Der Figur oder dem Monstrum Lecter wird eine ganz andere Bühne gegeben. Im Film "Schweigen der Lämmer" sehen wir das gefangene Monstrum, hören von seiner psychatrischen Tätigkeit in "unserer" Welt und grade der spärliche Einsatz der Figur sorgt für seine immense Wirkung auf den Zuschauer. Es reicht die Ausbruchsszene, in der seine ganze Gewalt, seine Entfesslung in uns den Gedanken aufkeimen lässt: Wenn er frei ist, kann sich niemand auf der Welt mehr sicher fühlen.
In Hannibal steht Ridley Scott vor einem ganz anderen Ausgangspunkt. Lecter ist unter uns und dieses Gefühl der Bedrohung, lässt sich über einen ganzen Film hin, der Hannibal (nicht nur vom Titel her) in den Fokus setzt, niemals aufrechterhalten.

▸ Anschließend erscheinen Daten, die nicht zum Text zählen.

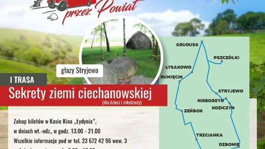 Powiat w ramach projektu „Z historią przez Powiat” przygotował trzy historyczne trasy: „Sekrety ziemi ciechanowskiej”, „Na szlacheckim szlaku” i „Nad wodami Sony”, na których będzie można poznać historię lokalną, odwiedzić nieznane lub mało znane miejsca na terenie naszego powiatu. W wycieczkach będą uczestniczyć przewodnicy, którzy poprowadzą lekcje historii w plenerze. Trasy są przemierzane angielskim, piętrowym autobusem.
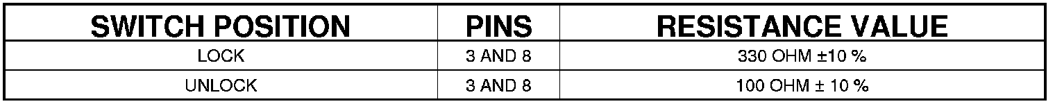 2. Using an ohmmeter, refer to Door Lock Switch Test table to determine if switch resistance is correct in the Lock and Unlock switch positions. Refer to Wiring Diagrams for harness connector pin-outs.
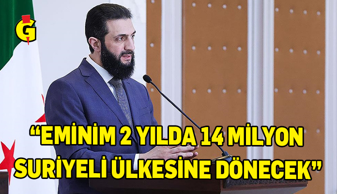 Şara, ülkeye dönüşlerin artacağına işaret ederek, “Eminim 2 yılda 14 milyon Suriyeli ülkesine dönecek. Geriye sadece 1 veya 1,5 milyon kalacak.” ifadesini kullandı.
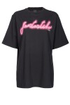 T-shirt dal volume oversize a mezze maniche in jersey di cotone con stampa Fantastiko effetto scritta al neon nel centro davanti, di colore nero e fucsia.
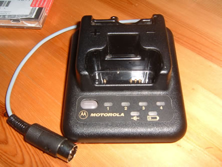 Wichtig ist das du einen Motorola Akku hast (mit Nase an Masse) . Dan kanst du deine Ladeschale verwenden .
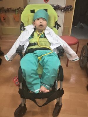 10月31日(火)には、アカシア病棟の行事「ハロウィンパーティー」に参加し、病棟スタッフや教員の出し物を楽しみ、みんなでダンスを踊りました。

Das Buch gibt ja die Handlung komplett vor, aber Scott inszeniert das meiner Meinung nach genial, denn er nimmt sich Florenz und vertieft atmosphärisch genau den Part des Romans, der das ganze wieder von unserem Realitätsempfinden entrückt: Hannibal Lecter sitzt hier in Florenz ehr, wie ein Teufel in seinem Diablerie.
Die Bildsprache ist zutiefst in der mittelalterlichen Welt voller Blut, Engel, Dämonen und Teufel verhaftet und befruchtet unsere Vorstellung vom eloquenten Monster Lecter.
Bilder, Farben, Musik, dass alles wirkt, als ob man uns ein Bild von der Kultur Florenz und seinen klassischen, mittelalterlichen meistern und Dichtungen geben will, mit Lecter als unserem Reiseführer, aber in Wahrheit ist er eine Spinne in ihrem Netz, und wir sind Zeuge, wie er seine ganz eigene mittelalterliche Oper inszeniert.
Der Film ist bis heute hart und verstörend.